Вскоре появился Толя, и не один – рядом с ним была молодая женщина с приятным открытым лицом, и еще – тоненькая девочка. Все растерялись от неожиданности, а Толя, сам смущенный, казался явно доволен произведенным эффектом. Он представил им спутницу и ее дочку – Света и Юля, познакомил со всеми, при этом ни от кого не скрылось, что он с большой нежностью смотрит на спутницу. Все сделали вид, что рады за Толю и, конечно же, рады видеть Свету и Юлю. Впрочем, вскоре выяснилось, что Света неплохо вписывается в их круг, а Юля только на год старше Сони, и две девочки тут же стали подругами. Выпили по рюмочке за уходящий год, и стеснение первых минут совсем исчезло. Люду, Толину жену (формально, бывшую жену – они развелись перед Толиным отьездом – одиноким было проще получать убежище в Америке) все мало знали, и в конце празднования, порядком выпив, мужчины даже подняли тост за Толю и Свету, за «соединение двух сердец», – кажется, это Андрей выдал столь оригинальную банальность, но Боря подхватил, а Толя в ответ чуть не прослезился. Впрочем, Анне Света тоже понравилась. Единственным человеком, кто не принял Толину спутницу, оказалась обычно самая дружелюбная Лиза. Анна решила, что Лиза обижена за Люду – при своей уникальной общительности Лиза поддерживала приятельские отношения и с бывшей Толиной женой. Но, как вскоре выяснилось – дело не в обиде – для неприятия существовала другая причина.
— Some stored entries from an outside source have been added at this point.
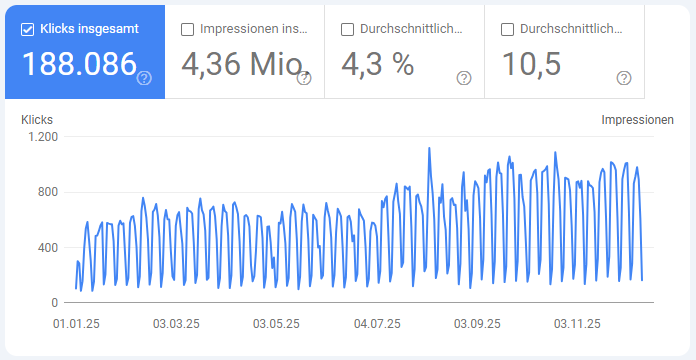 Die Google Suche ist immer noch eine relevante Messgröße für Sichtbarkeit und Reichweite, auch wenn die letzten Jahre immer mehr neue Suchmaschinen auf den Markt gekommen sind. Dieses Jahr lief es noch einmal besser als im Vergleich zum letzten Jahr. Das mag mit einer besseren Sichtbarkeit, mehr Themen und mehr Interaktionen zu tun haben. Grundsätzlich nähern wir uns auch den 500 Blogartikeln und haben damit genug Grundlage für die Suchmaschine.
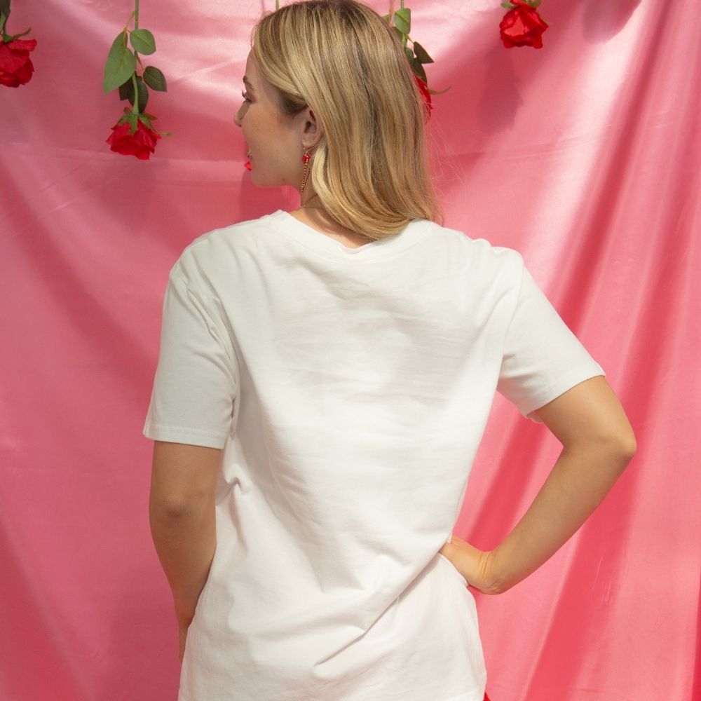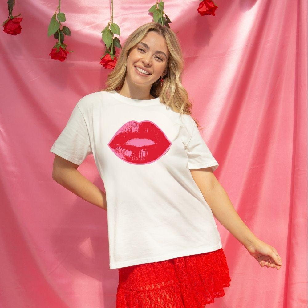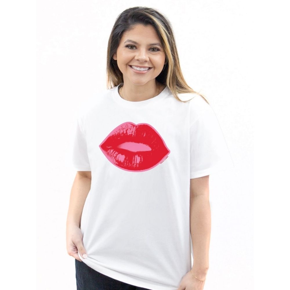 This white graphic tee makes a bold statement with its striking red lip graphic that instantly adds attitude and fun to any look. Designed with a relaxed, everyday fit, it’s easy to style while still standing out as a conversation piece.
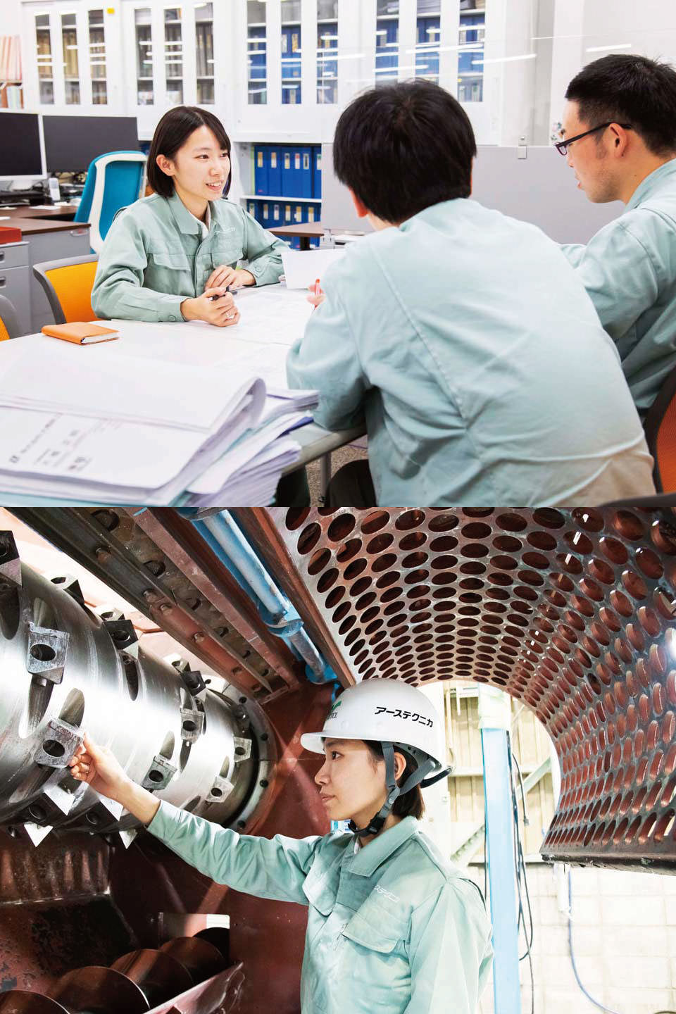 大型機械の開発・設計・製造を行う当社には機械系の方が多く入社していますが、なかには私のように他分野を専攻していた社員もいます。必要な知識は自分の意識や行動次第で入社後にいくらでも身につけることができます。少しでも興味があれば、ためらわずに入社を考えてみてください。

Уже за полночь, когда они с Лизой сносили тарелки на кухню, Лиза задержала Анну и попросила: – Постой тут со мной, пока я покурю. Закурив сигарету, Лиза вызывающе заявила: – Ну и учудил Толя. Я понимаю, что Люду не выпускают, и теперь, скорее всего, уже не выпустят. Ждать, когда он получит гражданство – это еще лет пять, а то и больше. Я не ханжа и понимаю, что ни он, ни она в монахи не собираются. Тем более, детей у них нет, и они были далеко не самой образцовой парой… Но, подцепить такую Свету, – Лиза была не пьяна – она вела машину, тем более странно и неловко казалось слышать столь откровенную неприязнь, но Лиза продолжала: – Она же совершенно советская тетка, да еще со взрослой девочкой. Что, молодых и одиноких мало? – Лиза, самая либеральная в их компании, даже не замечала, что говорила, как недалекая и злобная баба.
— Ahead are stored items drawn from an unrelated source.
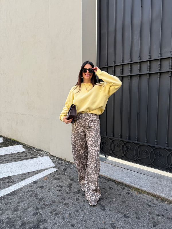 Felpa girocollo, interno felpato, manica ampia e polsini elasticizzati a costine, vestibilità comoda. La modella è alta 160cm e indossa una TAGLIA UNICA.
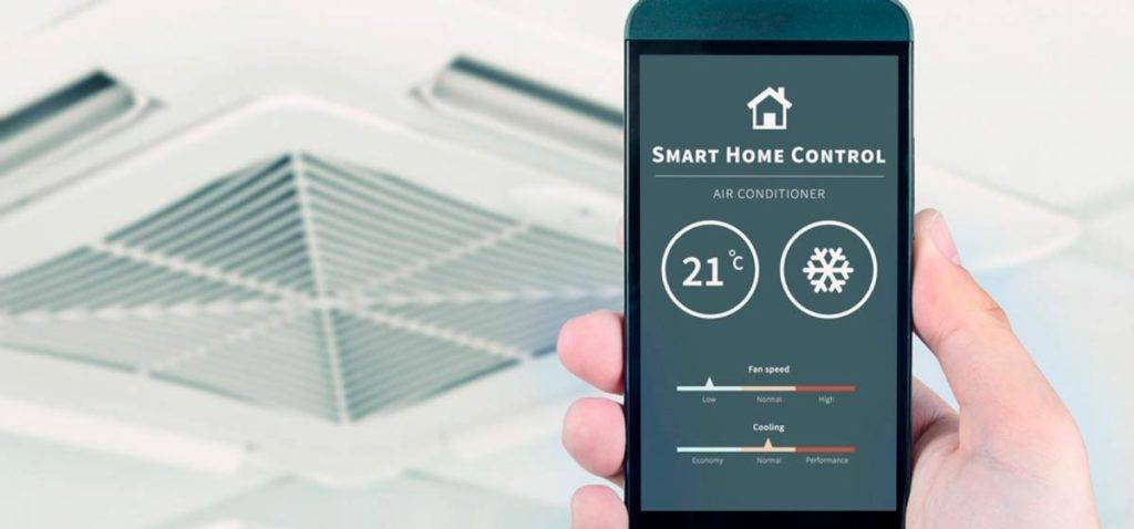 В основе управления кондиционером умного дома и других выше перечисленных компонентов используется электронный модуль. Все функции система выполняет автоматически. Базой служат заданные настройки. При этом роль людей сводится лишь в установлении необходимых параметров, периодической проверке и контроля, а также наблюдения исправности.
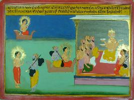 | Description / विवरण | Miniature painting based on Mahabharat - Sabha parva depicting surya in the disguise of a man coming to earth and describe about the court of Brahma. The painting also depicts surya with Narad come to meet Brahma. Many other sages are also sitting with Brahma. |
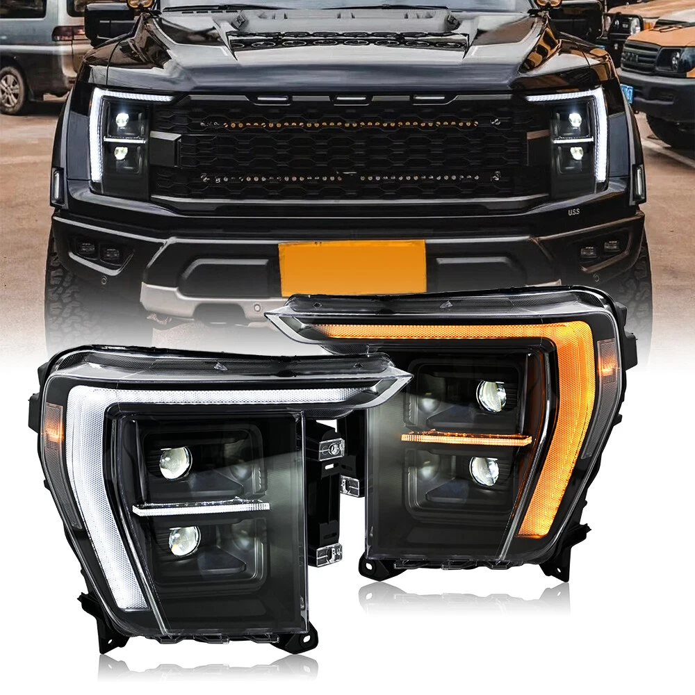 Pair Front Lamps For 2021 2022 2023 Ford F150 LED Projector Headlights Head Lamp Features: 1. One pair: Left + Right head lights 2. Bulbs: All bulbs are built-in LED, no extra bulbs needed 3. Function: DRL(White)+Turn Signal(Yellow)+High Beam(White)+Low Beam(White) lights 4. Easy installation: plug and play,same as original one to install 5.Assembly: all parts are included in the package,no need to buy extra bulbs or harness Fitment Fits For 2021 2022 2023 Ford F150 ( Professional Installation is Highly Recommended ) Package include 1 Pair of Headlights (driver's side + passenger's side) Note 1. Please confirm whether this car-lamps can fit your car before buying, if you are not sure, please contact us and send us pictures of your original car light or plug. 2. Using your factory supplied connector/harness will avoid cutting or modifying any wires. Specification ·100% Brand New ·Professional Installation is Highly Recommended ·Welcome to send us message for more information Warranty: One-Year warranty after receiving After Sales Service Please contact us before returning the products, we will do our best to help you solve all the problem well with good service!!! Questions Any question will be replied within 24 hours except the weekend and holiday. We will serve for you all sincerity!
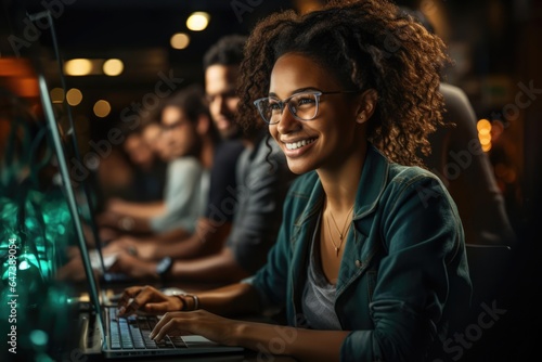 programmer In a coding bootcamp determined and innovative woman programs software
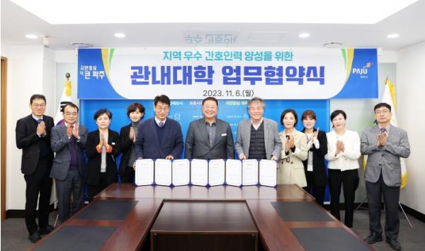 파주시는 6일 우수한 간호 인력 양성을 위해 두원공과대학 및 서영대학교와 업무협약을 체결했다.
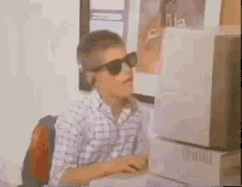 Boy with Sunglasses on Computer
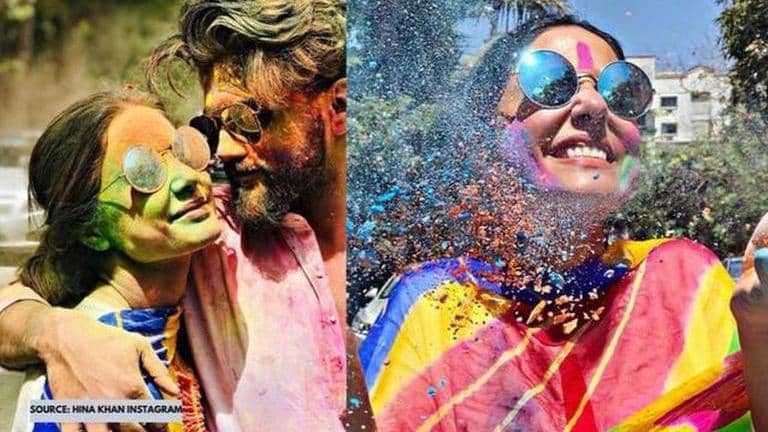 Hina Khan is also one of the actors who perfectly knows how to create buzz on social media. She has done it once again. Taking to Instagram, she shared a series of colourful pictures after celebrating Holi. The diva and her beau Rocky Jaiswal are giving major couple goals to fans in the picture.

Анна была уже порядком пьяна, поэтому вдруг полезла горячо защищать почти незнакомую для нее Свету.
– Лиза, ты чего взъелась на них, какая муха тебя укусила. С каких пор ты стала такой блюстительницей нравов, прямо, как свекровь, и что ты девочку приплела. Мне кажется, они с Толей подходят друг другу, и девочку он, похоже, любит. Он давно хотел ребенка.
– Да не в девочке дело, – мрачно возразила Лиза, – а то, что Света твоя – антисемитка.
– Кто, кто? – не поняла такого неожиданного поворота Анна.
– Антисемитка, – повторила Лиза, – она приехала сюда вместе с семьей мужа по еврейской линии, пожила с ними год, что-то не сложилось, ушла от них. А теперь обо всех евреях отзывается с пренебрежением. Ты что, не слышала?
– Не помню, – честно призналась Анна, – мало ли, кто что сказал, так много всего наговорили. Вроде пошутила что-то на тему «еврейской мишпухи» – мне показалось даже остроумно. А тебя то почему задело?
– Почему, почему – по кочану, – разозлилась Лиза, – не строй из себя дуру, ты же знаешь, что я наполовину еврейка.
– Ты – еврейка? – рассмеялась Анна.
– А ты что – не знала? – в свое время удивилась Лиза, – у меня отец Александр Абрамович. Да я же похожа на еврейку, мне многие говорят.
Анна уставилась на Лизу, пытаясь отстраниться от давно привычного образа подруги и заново оценить ее внешность. Но ничего не получалось – Лиза как Лиза. – Не знаю, может ты действительно похожа, я совсем не специалист по определению национальностей. Но, – добавила она со смешком, – теперь я понимаю, откуда у тебя такие мозги – точно не от русской мамы, – и опять засмеялась. Потом, уже серьезно, продолжила: – Но я все равно не понимаю, что ты на Свету взьелась: она говорит, что хочет, как и все мы, значит, чувствует себя комфортно среди нас. Слава Богу, имеем право – рвались из Совка за свободой, и свободой слова в том числе.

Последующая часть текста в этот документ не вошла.